With the mentioned estimates and a cost of capital of 9.55%, the DCF model estimates the fair value of CAKE to be $31.88. This is approximately 14% below the stock price at the time of this writing. I don’t think it’s underrated. The assumed scenario will still assume some overestimation, and a worse-than-estimated margin trajectory is a real and notable risk to the demonstrated scenario.
The weighted average cost of capital used is derived from the capital asset pricing model.

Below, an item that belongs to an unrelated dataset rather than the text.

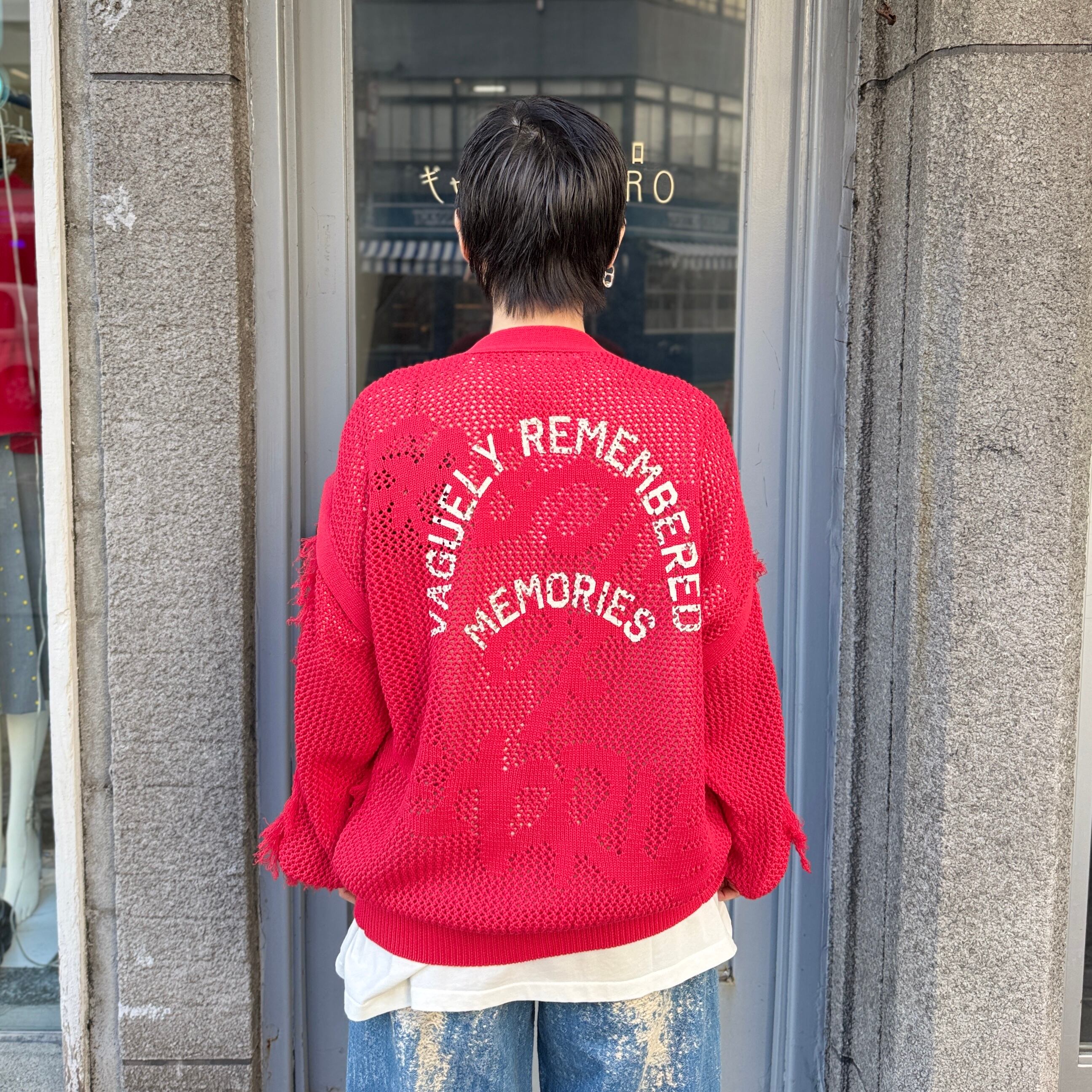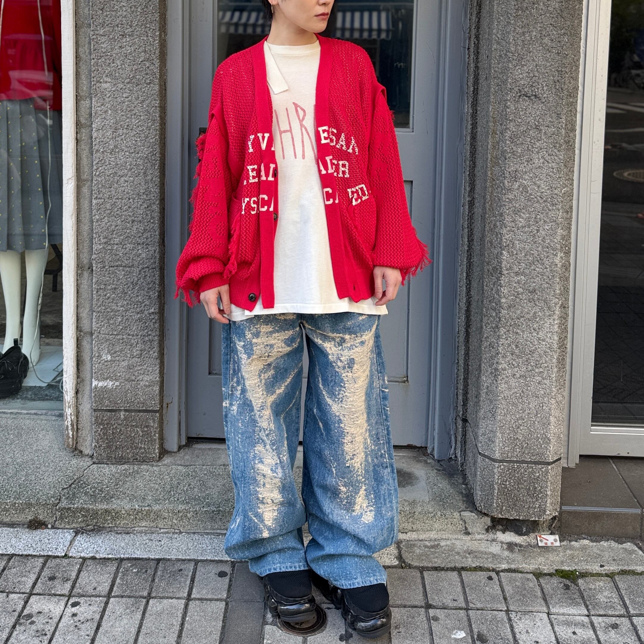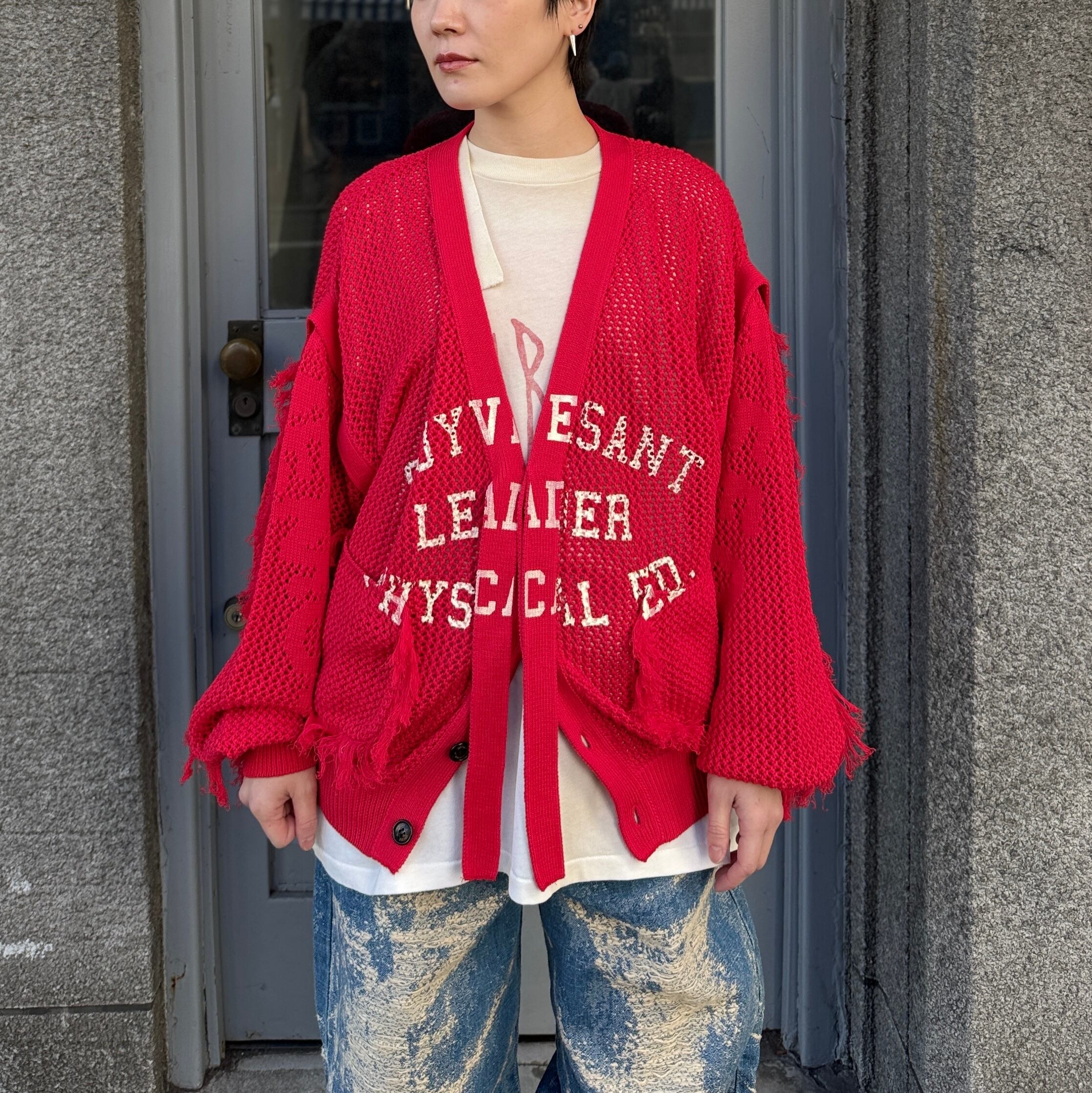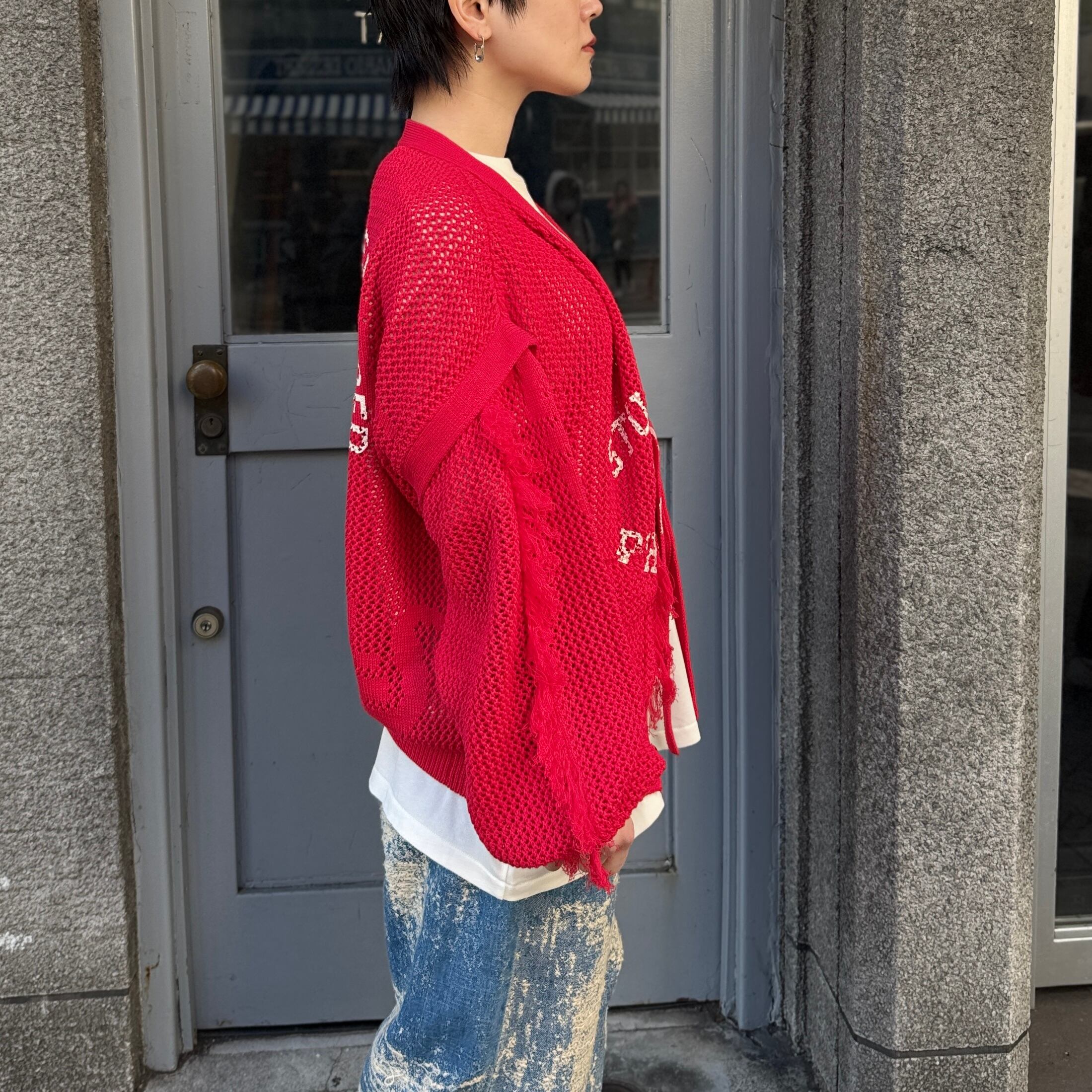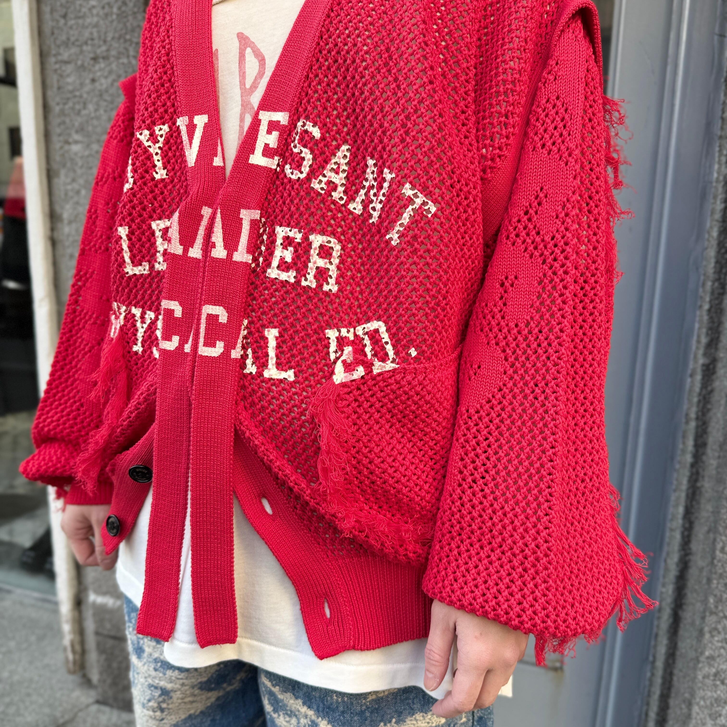 SEVESKIG / Dropout Mesh Cardigan / RED

In the fourth quarter, CAKE incurred interest expense of $2.5 million. Considering the company’s current interest-bearing debt size, CAKE’s annual interest rate reaches 2.11%, securing financing at a very low price compared to the current dollar interest rate. The debt ratio is expected to remain at a similar level with a long-term debt ratio of 25%.

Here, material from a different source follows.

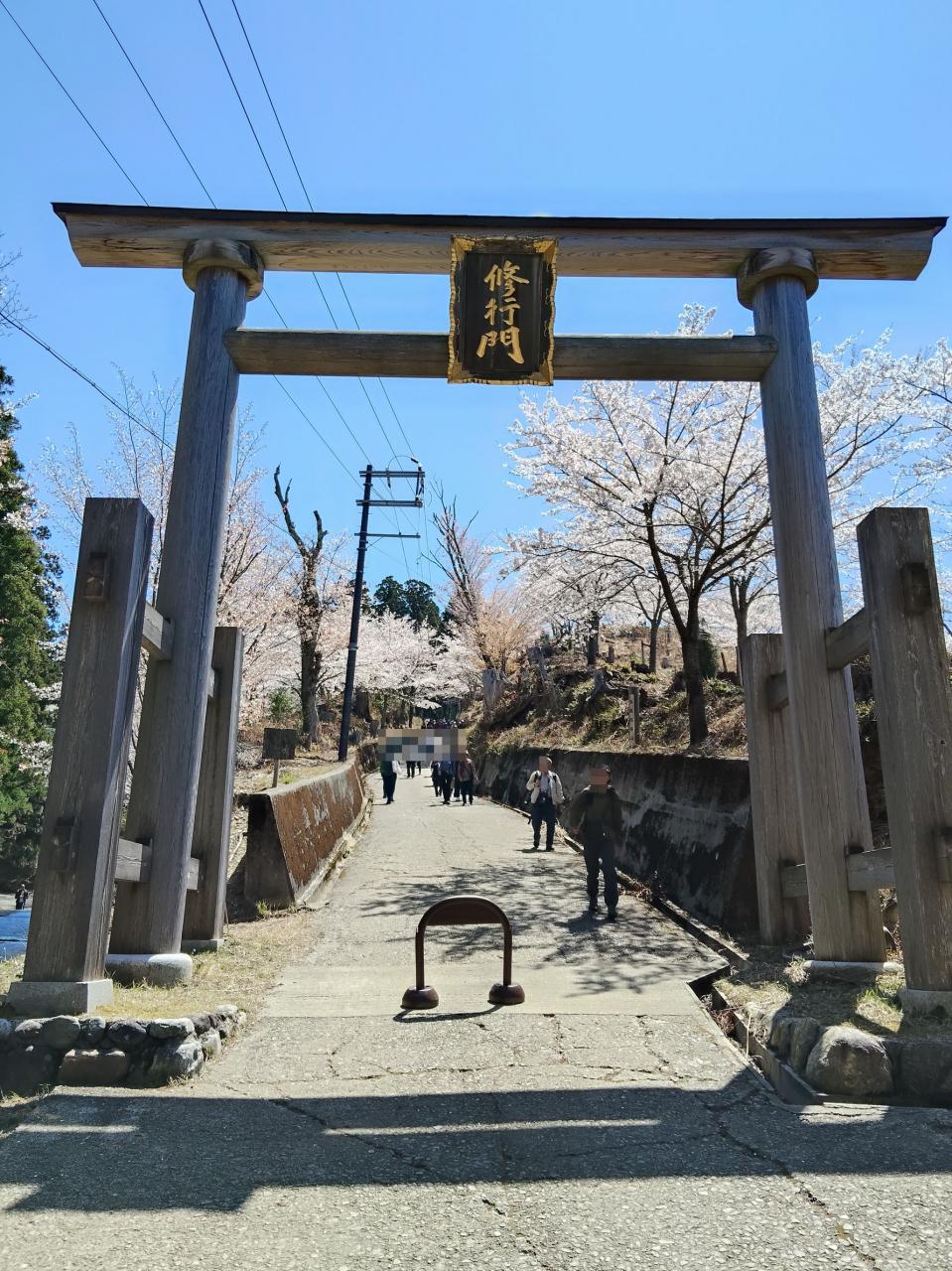 12時20分、奥千本・金峯(きんぷ)神社の鳥居。この手前に奥千本口のバス停があります。既に下山するためにバスを待つ人々が長い行列を作っている。
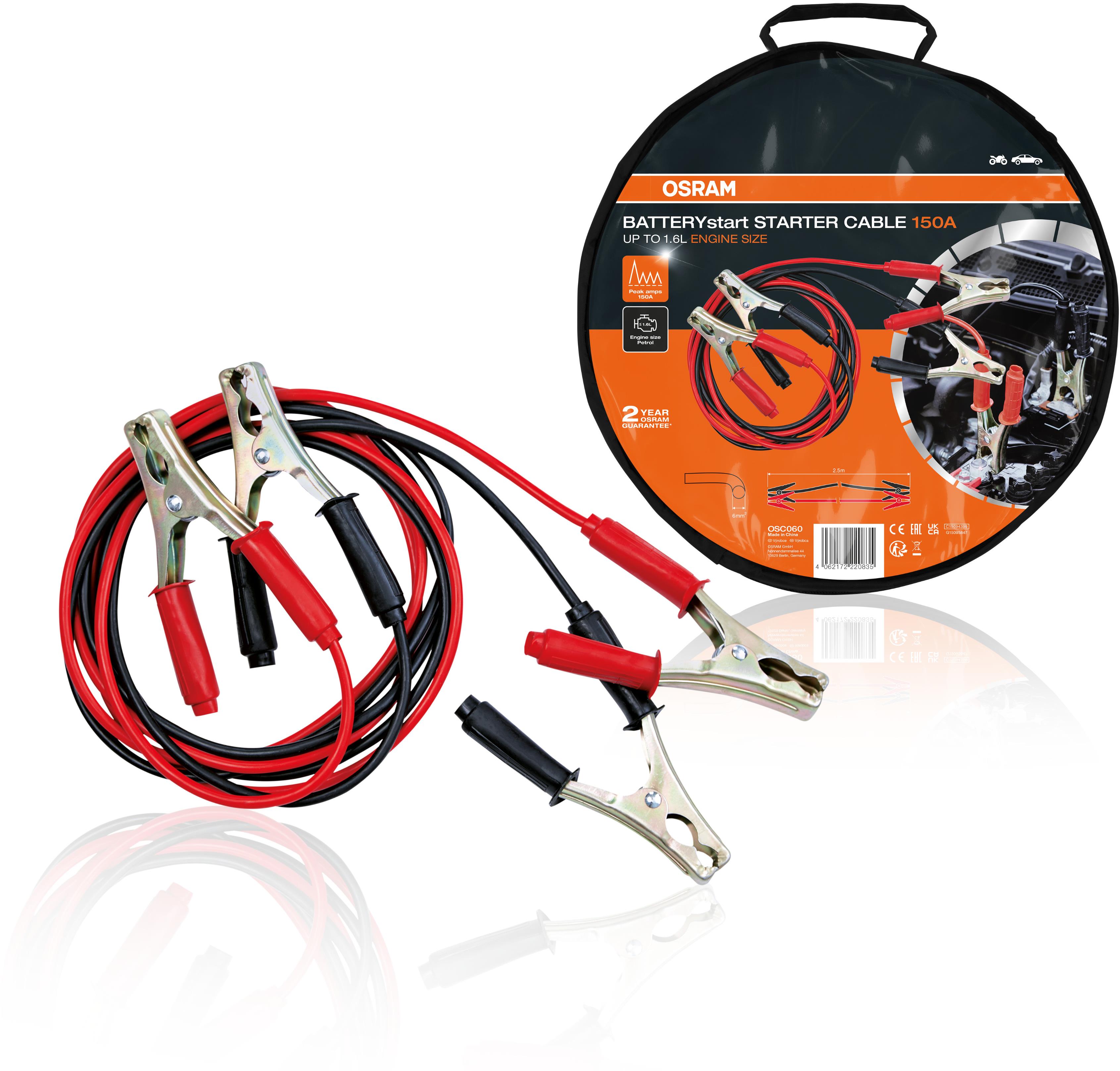 Štartovacie káble – vodiče z pomedeného hliníka, prierez 6 mm2, svorky bez izolácie, s pružinami, dĺžka 2,5 m, max. prúdové zaťaženie 150 A, obal v balení Hoci štartovacie káble nepatria medzi povinnú výbavu vozidla, sa môžu kedykoľvek hodiť. Káble na štartovanie OSRAM sú dlhé 2,5 m, tak ich využijete aj v miestach so zlým prístupom. Správne vedenie ele

The US 10-year maturity bond yield of 4.39% is used as the risk-free interest rate in terms of cost of equity capital. The 4.60% equity risk premium is Professor Aswath Damodaran’s latest US estimate, updated on the 5th.Day In January. Yahoo Finance estimates CAKE’s beta to be 1.50. Finally, we add a small liquidity premium of 0.25%, resulting in a cost of equity of 11.54% and a WACC of 9.55%.
How I Become Optimistic
CAKE’s margin trajectory would need to improve for me to be more bullish on the stock. With sluggish same-store sales appearing to be a problem, the company will need to become more attractive to customers going forward. The company has already made significant improvements in 2023 on the back of much better 2024 margins, but we still see high caution as warranted for the time being. However, if margins continue to improve, the stock could become a more valuable investment.
takeout
CAKE has expanded its restaurant presence through constant new openings, with the alternative restaurant concept being a key driver of future growth. However, despite healthy sales growth, the stock has underperformed due to worrying margin trends, which appear to be driven by sluggish same-store sales trends. The company’s growth investments continue to eat up its cash flow, while it achieves very mediocre earnings growth. Current valuations do not seem to offer a good risk-reward for entry unless clear margin improvement is achieved. I’m fairly pessimistic on the stock for the time being, but I maintain a Hold rating as some margin improvement has occurred in 2023 and guidance has been provided for 2024.